(Source data)

=======

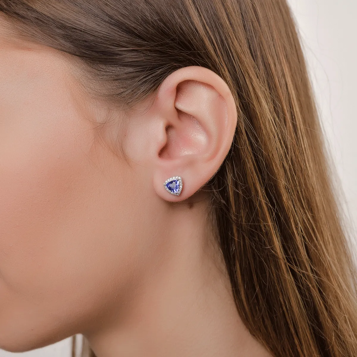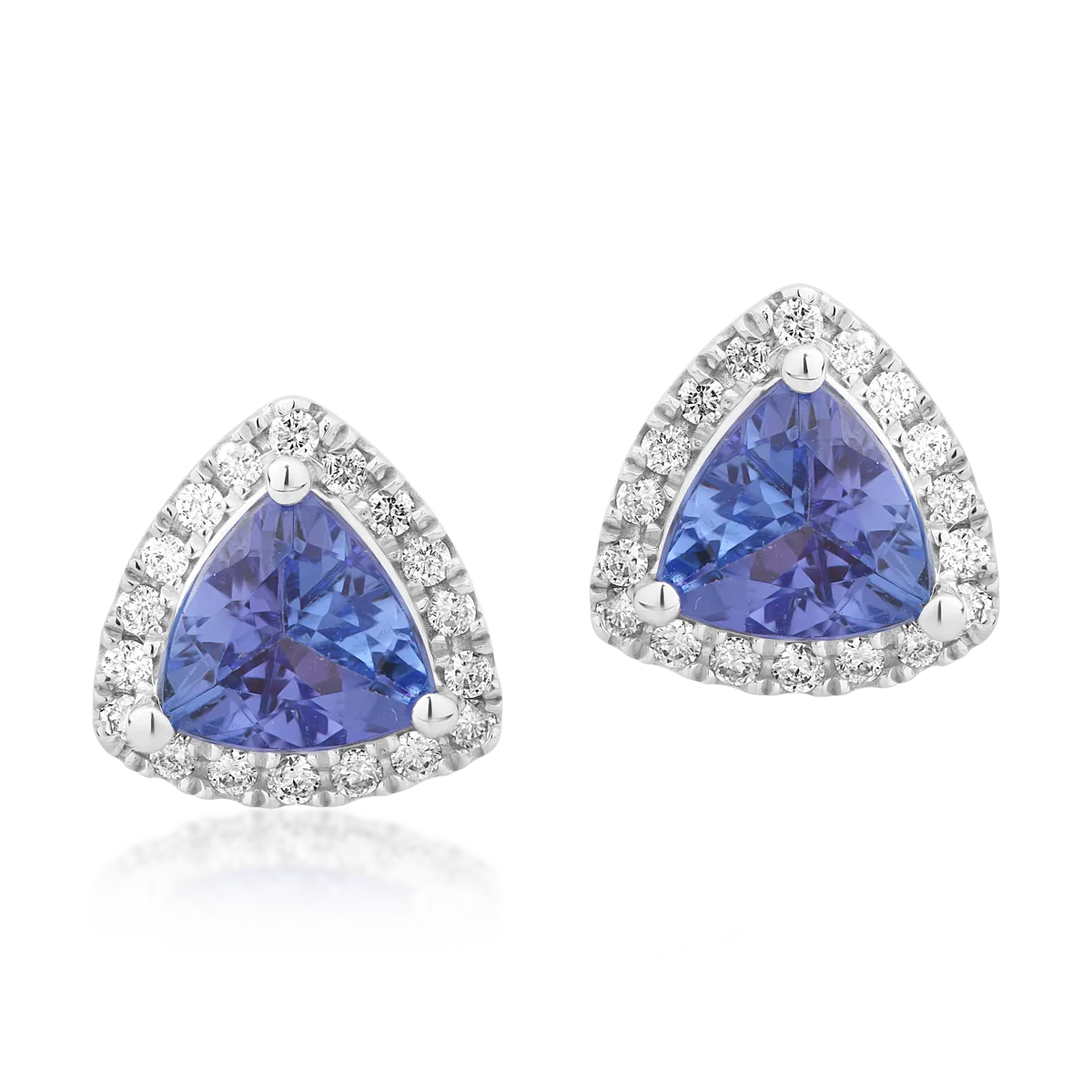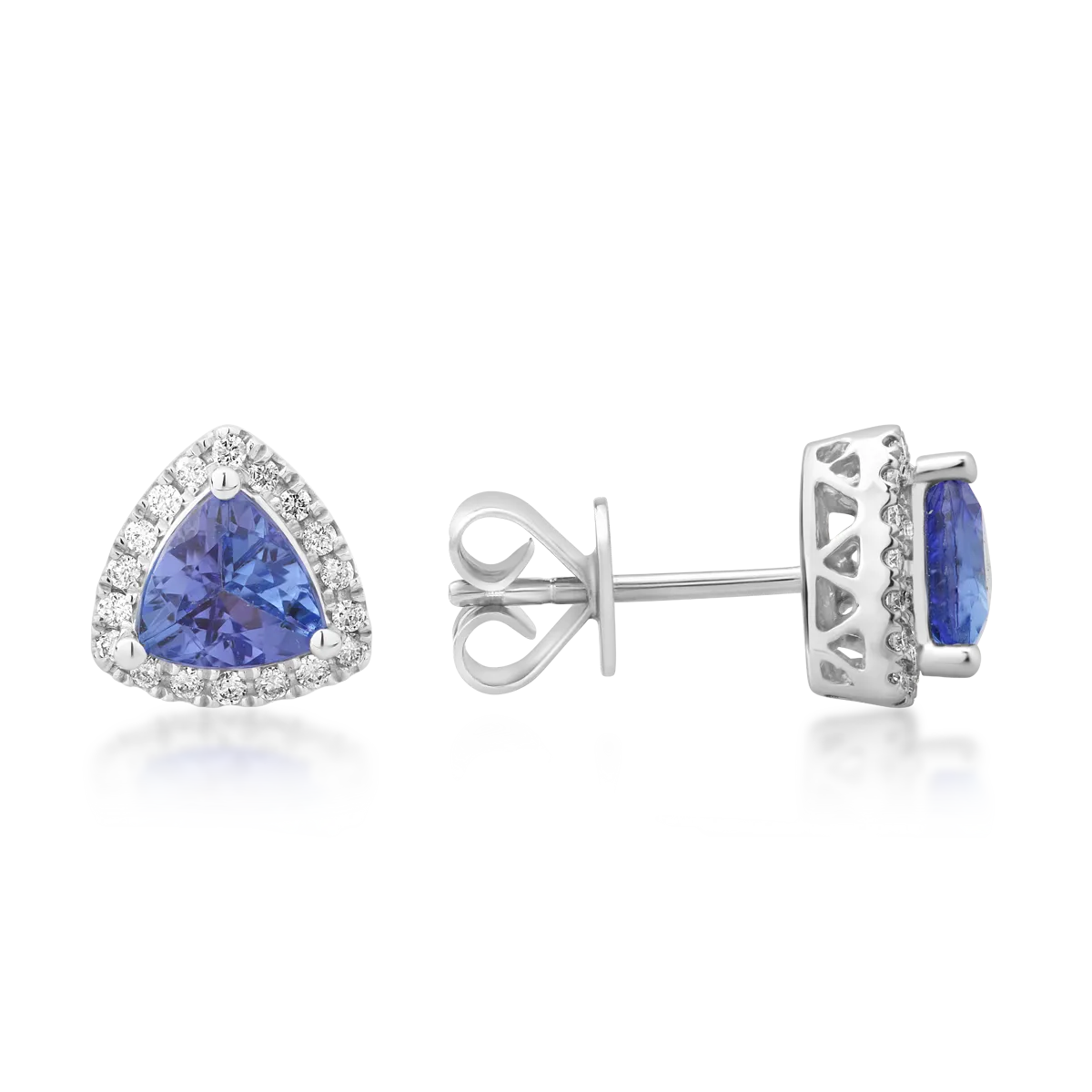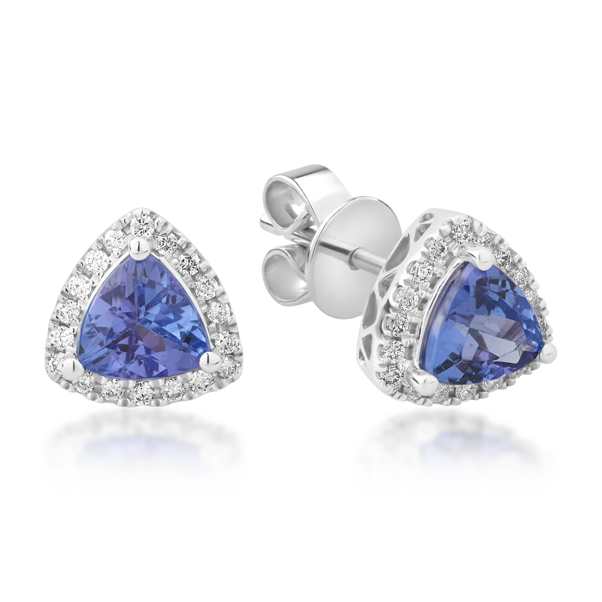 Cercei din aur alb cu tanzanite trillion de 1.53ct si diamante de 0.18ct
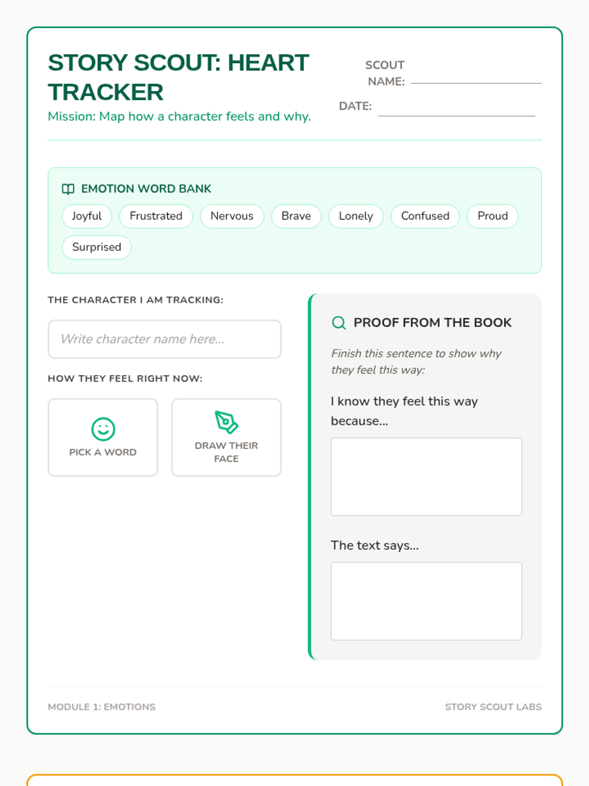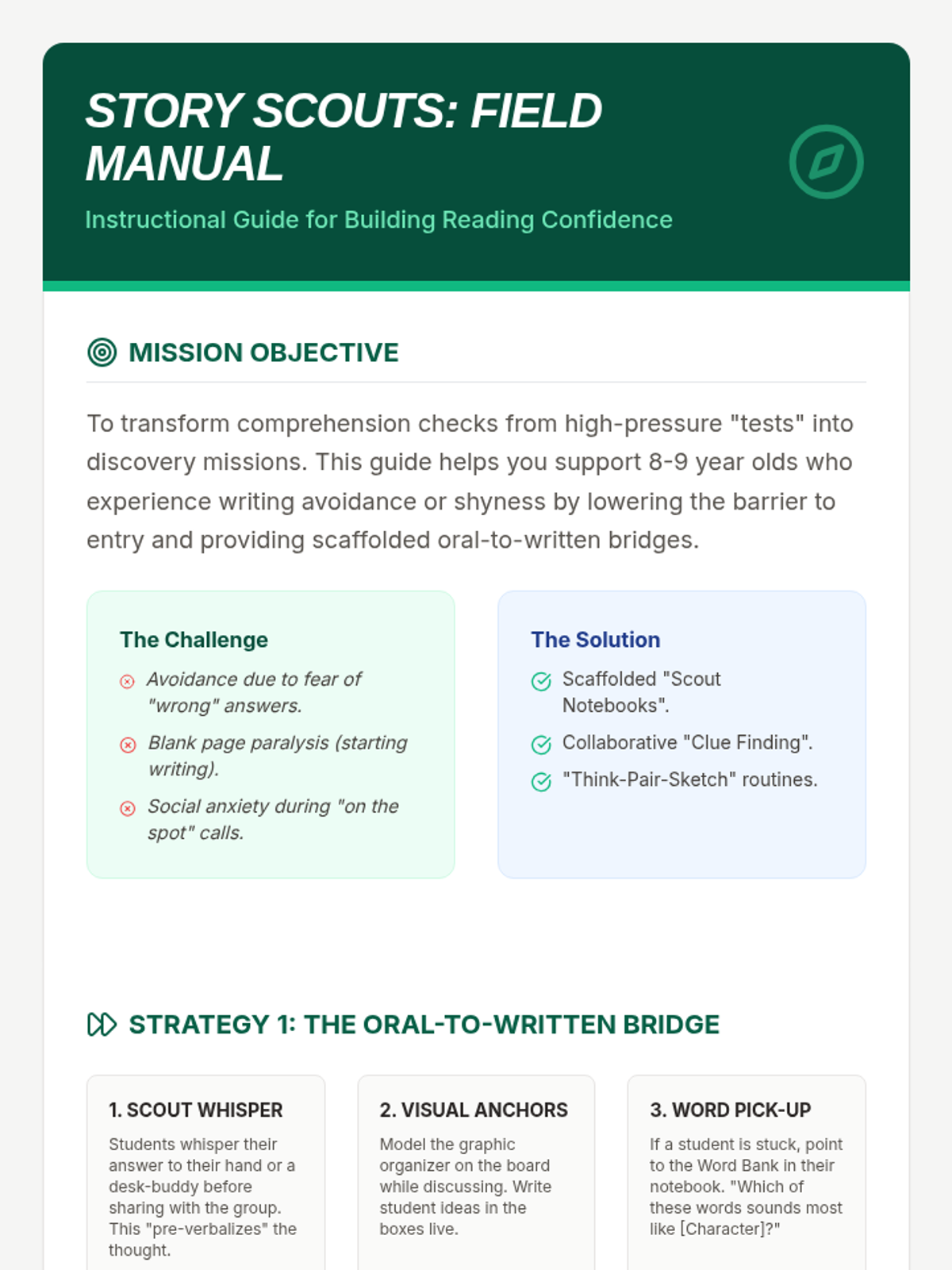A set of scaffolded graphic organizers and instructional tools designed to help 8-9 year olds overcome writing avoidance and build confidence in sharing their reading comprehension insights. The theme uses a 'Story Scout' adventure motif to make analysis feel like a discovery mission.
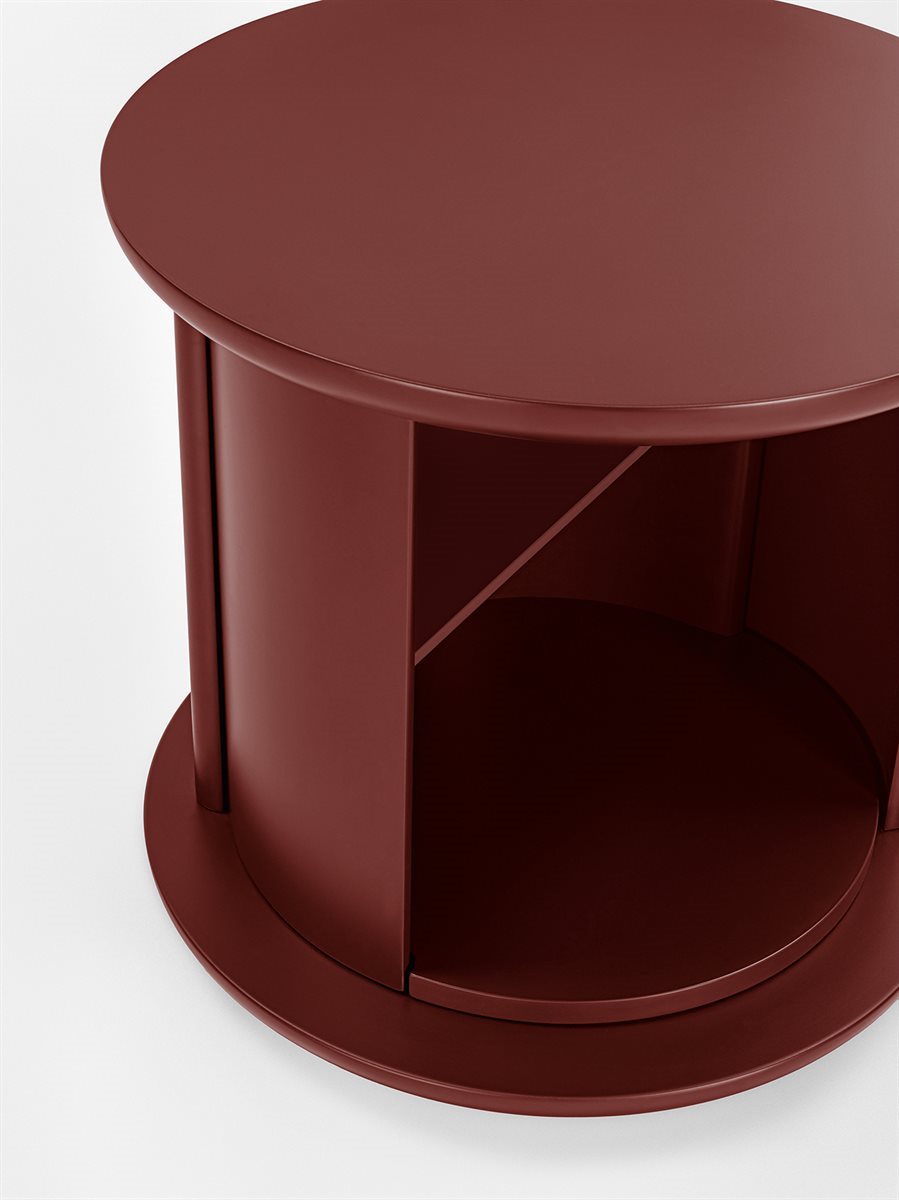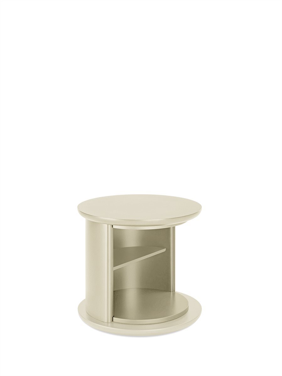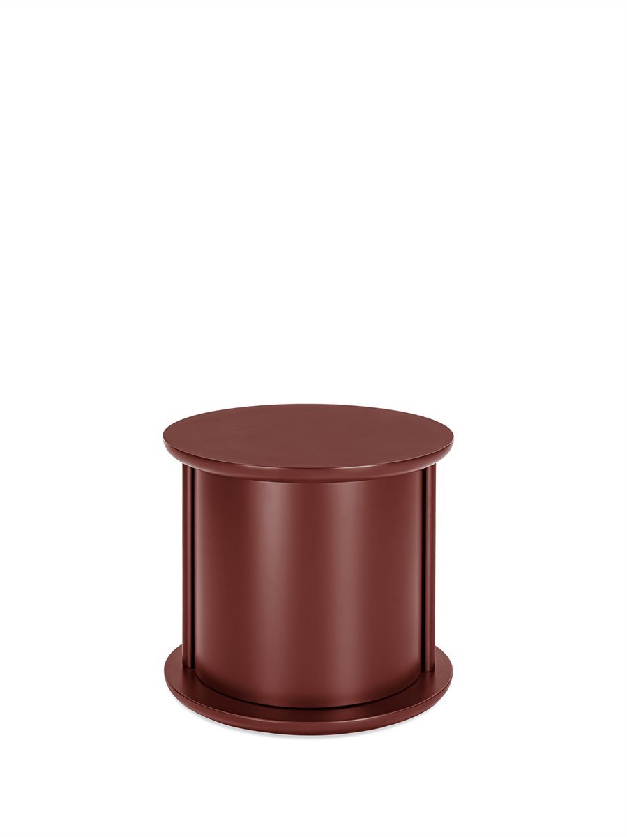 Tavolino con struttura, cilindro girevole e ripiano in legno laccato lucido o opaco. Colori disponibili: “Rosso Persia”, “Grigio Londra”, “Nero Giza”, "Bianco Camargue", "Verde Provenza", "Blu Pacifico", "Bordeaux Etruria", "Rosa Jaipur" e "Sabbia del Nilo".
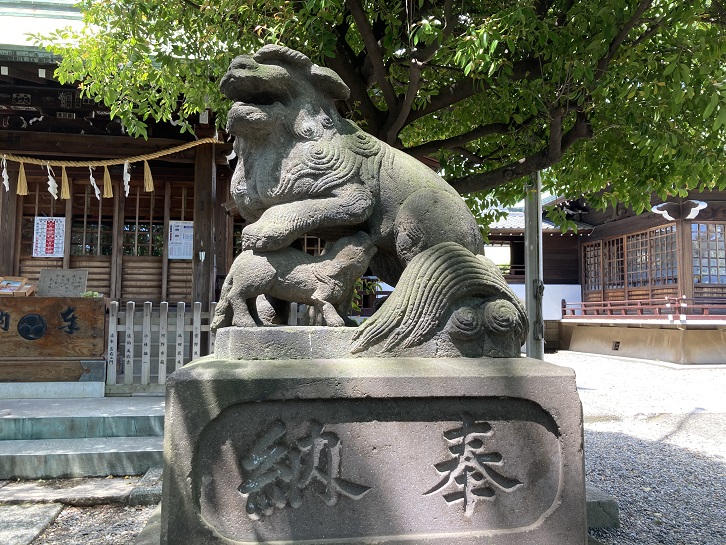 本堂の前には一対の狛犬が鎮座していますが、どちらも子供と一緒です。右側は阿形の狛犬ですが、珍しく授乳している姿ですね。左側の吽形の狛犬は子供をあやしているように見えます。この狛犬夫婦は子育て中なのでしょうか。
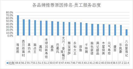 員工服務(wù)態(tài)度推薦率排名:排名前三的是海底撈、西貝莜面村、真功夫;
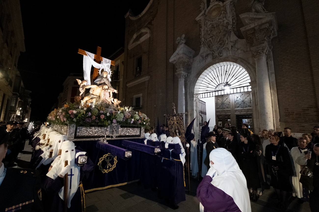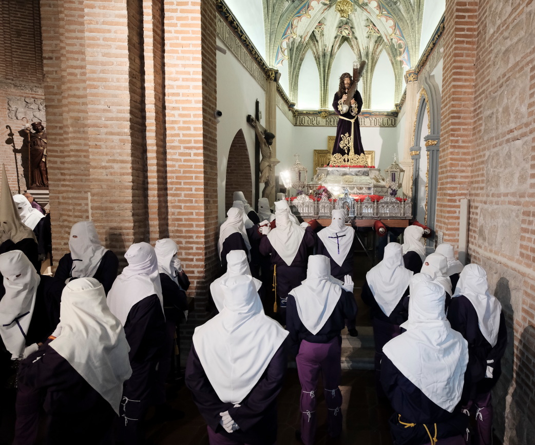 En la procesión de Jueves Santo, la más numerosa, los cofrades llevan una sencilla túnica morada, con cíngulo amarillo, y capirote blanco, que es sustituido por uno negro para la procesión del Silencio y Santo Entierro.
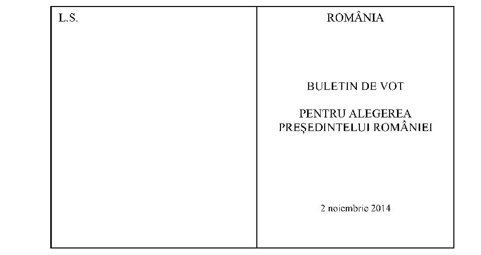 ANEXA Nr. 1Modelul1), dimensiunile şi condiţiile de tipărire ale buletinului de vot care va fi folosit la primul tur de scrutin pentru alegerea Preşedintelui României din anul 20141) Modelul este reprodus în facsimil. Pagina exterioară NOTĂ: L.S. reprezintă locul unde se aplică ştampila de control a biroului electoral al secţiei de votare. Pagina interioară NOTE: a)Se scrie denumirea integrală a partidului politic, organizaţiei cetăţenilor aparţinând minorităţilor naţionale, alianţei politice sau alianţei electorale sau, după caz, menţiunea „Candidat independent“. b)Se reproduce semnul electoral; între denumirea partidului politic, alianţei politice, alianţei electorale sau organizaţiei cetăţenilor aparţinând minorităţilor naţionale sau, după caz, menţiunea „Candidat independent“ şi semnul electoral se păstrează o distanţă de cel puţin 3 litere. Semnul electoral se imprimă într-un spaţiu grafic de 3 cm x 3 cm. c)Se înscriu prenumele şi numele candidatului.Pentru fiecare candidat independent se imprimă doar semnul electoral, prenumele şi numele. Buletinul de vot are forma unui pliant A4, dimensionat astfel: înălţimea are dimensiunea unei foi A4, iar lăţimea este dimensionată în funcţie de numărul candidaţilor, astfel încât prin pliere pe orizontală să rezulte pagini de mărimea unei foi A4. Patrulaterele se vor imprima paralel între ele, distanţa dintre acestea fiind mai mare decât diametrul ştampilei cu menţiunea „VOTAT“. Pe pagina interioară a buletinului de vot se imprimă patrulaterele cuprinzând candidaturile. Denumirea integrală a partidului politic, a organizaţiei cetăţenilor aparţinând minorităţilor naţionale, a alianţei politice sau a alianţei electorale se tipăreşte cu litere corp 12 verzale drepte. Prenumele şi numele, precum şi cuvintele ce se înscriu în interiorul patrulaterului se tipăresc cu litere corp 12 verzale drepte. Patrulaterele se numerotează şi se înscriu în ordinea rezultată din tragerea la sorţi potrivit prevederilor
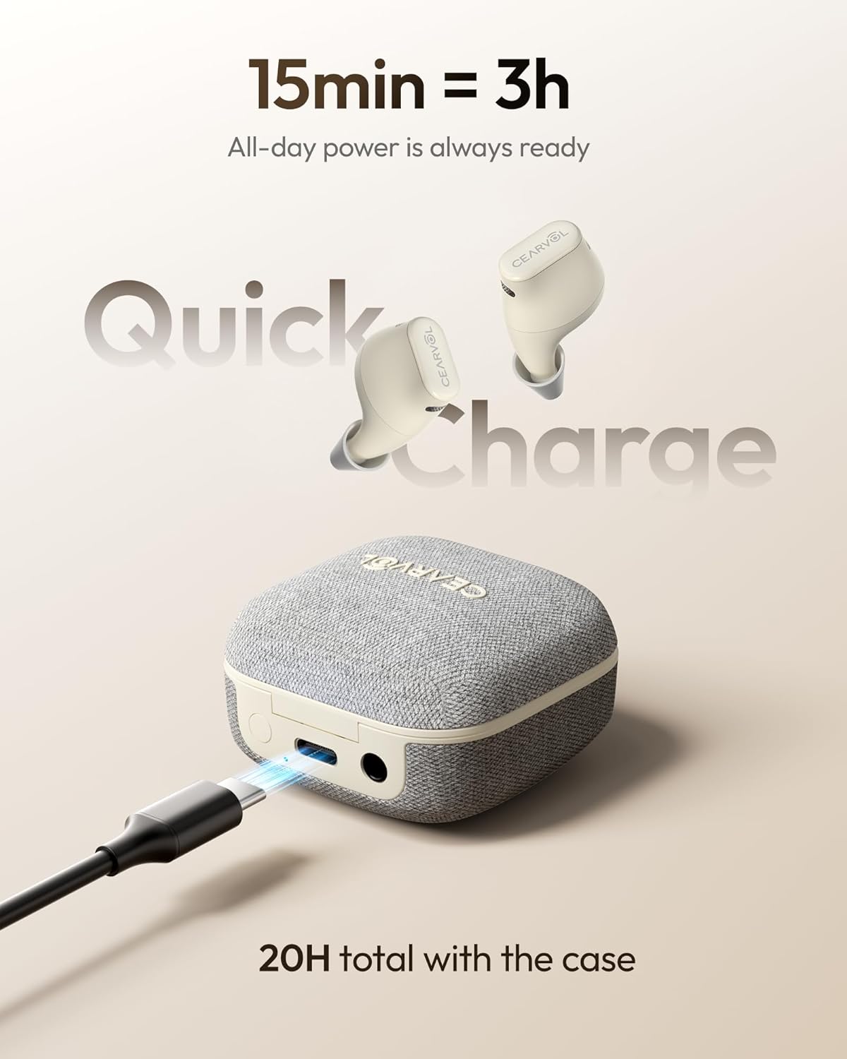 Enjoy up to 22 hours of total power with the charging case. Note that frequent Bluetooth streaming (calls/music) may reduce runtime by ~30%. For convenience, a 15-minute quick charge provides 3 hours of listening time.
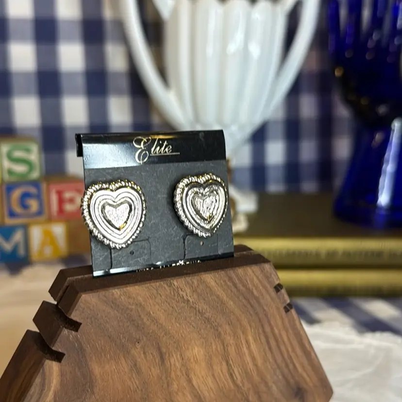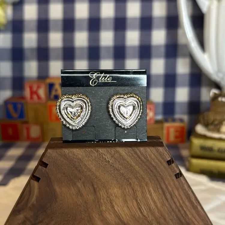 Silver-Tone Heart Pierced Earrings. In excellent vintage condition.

=======

-- Task directions --
Only the lines from the start of the records to the line with "A set of scaffolded" belong in the copy. Print them exactly, minus pictures.

-- Exercise result --
 Cercei din aur alb cu tanzanite trillion de 1.53ct si diamante de 0.18ct
A set of scaffolded graphic organizers and instructional tools designed to help 8-9 year olds overcome writing avoidance and build confidence in sharing their reading comprehension insights. The theme uses a 'Story Scout' adventure motif to make analysis feel like a discovery mission.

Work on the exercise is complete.